The phrases “Application Program Interface” and API as are used herein mean a set of commands, functions and/or protocols that computer programmers can use when building software for a specific operating system. The API allows programmers to use predefined functions to interact with an operating system, instead of writing them from scratch. Common computer operating systems, including Windows, Unix, and the Mac OS, usually provide an API for programmers. An API is also used by hardware devices that run software programs. The API generally makes a programmer's job easier, and it also benefits the end user since it generally ensures that all programs using the same API will have a similar user interface.

The phrase “central processing unit” as is used herein means a computer hardware component that executes individual commands of a computer software program. It reads program instructions from a main or secondary memory, and then executes the instructions one at a time until the program ends. During execution, the program may display information to an output device such as a monitor.

The term “execute” as is used herein in connection with a computer, console, server system or the like means to run, use, operate or carry out an instruction, code, software, program and/or the like.

In this disclosure, the descriptions of the various embodiments have been presented for purposes of illustration and are not intended to be exhaustive or limited to the embodiments disclosed.
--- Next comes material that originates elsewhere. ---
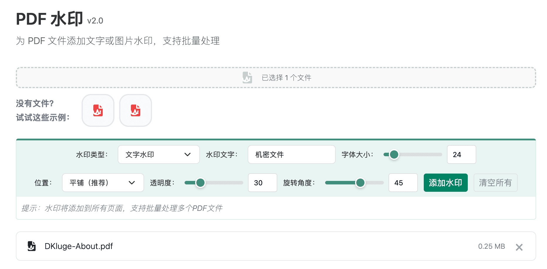 工具地址:https://www.dkluge.com/bag/pdf-watermark

Many modifications and variations will be apparent to those of ordinary skill in the art without departing from the scope and spirit of the described embodiments. The terminology used herein was chosen to best explain the principles of the embodiments, the practical application or technical improvement over technologies found in the marketplace, or to enable others of ordinary skill in the art to understand the embodiments disclosed herein. Thus, the appended claims should be construed broadly, to include other variants and embodiments, which may be made by those skilled in the art.